Infantile spasms-psychomotor retardation-progressive brain atrophy-basal ganglia disease syndrome (also known as BPAN or Beta-propeller protein-associated neurodegeneration, and historically as SENDA syndrome — Static Encephalopathy of childhood with NeuroDegeneration in Adulthood) is a rare neurogenetic disorder caused by mutations in the WDR45 gene, which encodes a protein involved in autophagy. It belongs to the group of neurodegeneration with brain iron accumulation (NBIA) disorders. The condition primarily affects the central nervous system, with iron progressively accumulating in the bas
How is Infantile spasms-psychomotor retardation-progressive brain atrophy-basal ganglia disease syndrome inherited?

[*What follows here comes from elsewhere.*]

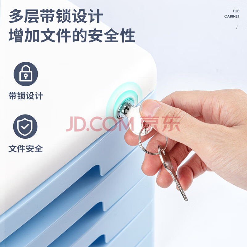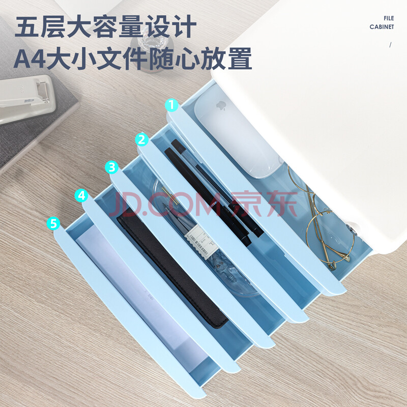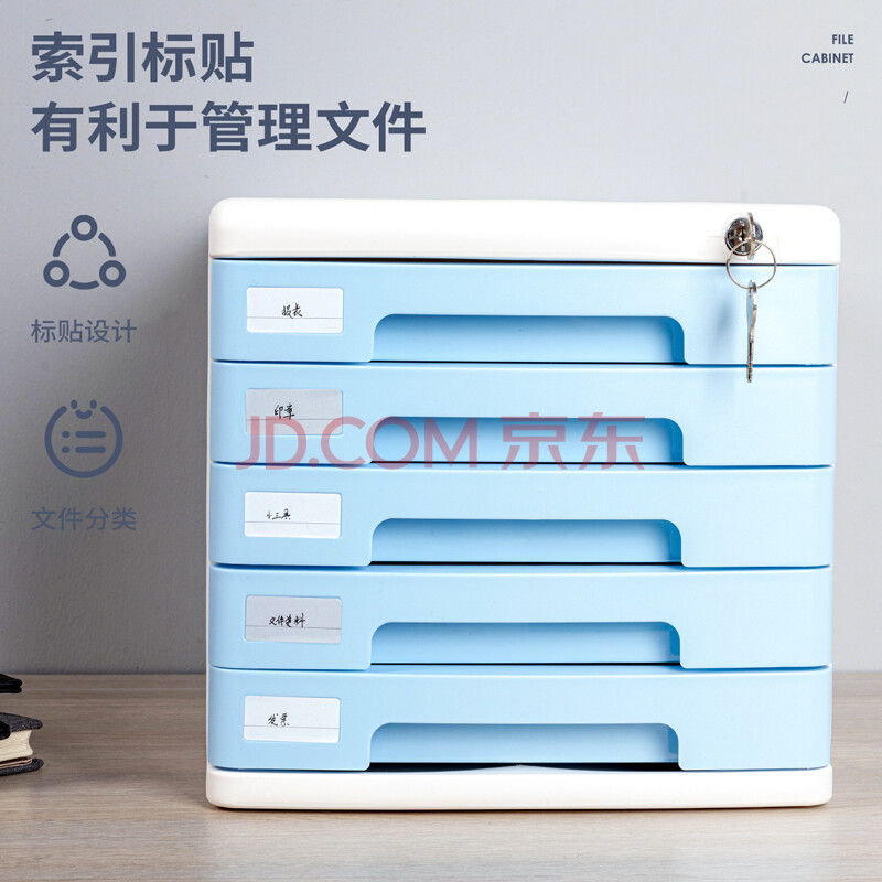 商品相册:得力(deli)9779五层带锁文件柜(浅灰)1只手拉桌面文件柜 带索引标签抽屉资料收纳柜学科试卷分类收纳第

Infantile spasms-psychomotor retardation-progressive brain atrophy-basal ganglia disease syndrome follows a x-linked dominant inheritance pattern. Genetic counseling can help families understand recurrence risk and testing options.
At what age does Infantile spasms-psychomotor retardation-progressive brain atrophy-basal ganglia disease syndrome typically begin?
Typical onset of Infantile spasms-psychomotor retardation-progressive brain atrophy-basal ganglia disease syndrome is infantile. Age of onset can vary across affected individuals.